Wednesday, September 30, 2015

31 Days of Scans - 5 Character Dream Team

I said last December I wanted to do a few of those "League of Extraordinary Gentlemen" rosters this year, and thus far, I haven't. Because I decided to wait and kick it off with this one. As usual, these can be difficult, because there are so many options. Which is why I have to restrict myself in some ways, or I'll never make a decision. This time around, I opted for characters created outside Marvel and DC. So, same rules apply as the last time, only there'll be no Mastermind, since it states 5 characters only.

The Leader: Brian Clevinger and Scott Wegener's Atomic Robo. For the purposes of this exercise, Robo is in his normal body. However, I'm not sure precisely when I'm taking him from. It might be simpler, in terms of getting the team together, to take him from the 1940s (for reasons that will become clear shortly). But if I take '70s Robo, we get possible Carl Sagan appearances and Robo wears a Gilligan hat sometimes. If I take current day Robo, we get the benefit of considerable experience and greater scientific knowledge in our Robo. With the present day, it's easy enough for Dr. Dinosaur's Time Bomb to throw Robo to the '40s, or perhaps another universe. There were his multiple run-ins with the Shadow from Beyond Time, or Tesla's device that opens a doorway to the vampire dimension (which Majestic-12 later got its hands on). Or something else we haven't seen yet. The options are there, and really, any Robo will be good.

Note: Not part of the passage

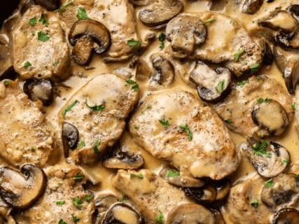 This is the ultimate cosy dinner, with melt-in-your-mouth mustardy sauce, tender pork scallopinis and creamy garlic mushrooms...

So Robo is going to be the leader, but he's also going to be the brains of the outfit, at least as far as science goes. In more criminal areas, there are at least 2 characters on this team more experienced. However, given the nature of the world some of these characters inhabit, Robo is going to run up against some things he is going to have difficulty squaring with his views on how things work. Magic for one, time travel for another. One of the things I greatly enjoy about Atomic Robo is when he gets exasperated with stupidity or nonsense and resorts to sarcasm. Probably because that is how I respond to stupidity and nonsense. I expect this team to exasperate and confound Robo repeatedly. And everyone is a strong personality in their own way, so keeping them together is going to be a challenge. Especially because, in a crisis, Robo seems inclined to try and do everything himself and keep his Action Scientists at a safe distance. Understandable, since he's bulletproof and they aren't, but I doubt this crew will be as accepting. But he'll bring lightning guns, and lightning guns heal all wounds. With horrible burns, but still.

The Man with a Boat: Doug TenNapel's Earthworm Jim. This one is fudging it a bit since, a) Jim was originally a video game character, and b) the comics he did appear in were published by Marvel. But once again, Blog Commissioner allows it (all those illegal payoffs, er, paid off). Jim may or may not have a boat, but he does have a rocket large enough to carry a couple of passengers, and capable of traveling to other star systems. Close enough. (Note: One could substitute the Tick, and it would largely achieve the same effect, but I prefer Jim and it's my team, so nyeah.)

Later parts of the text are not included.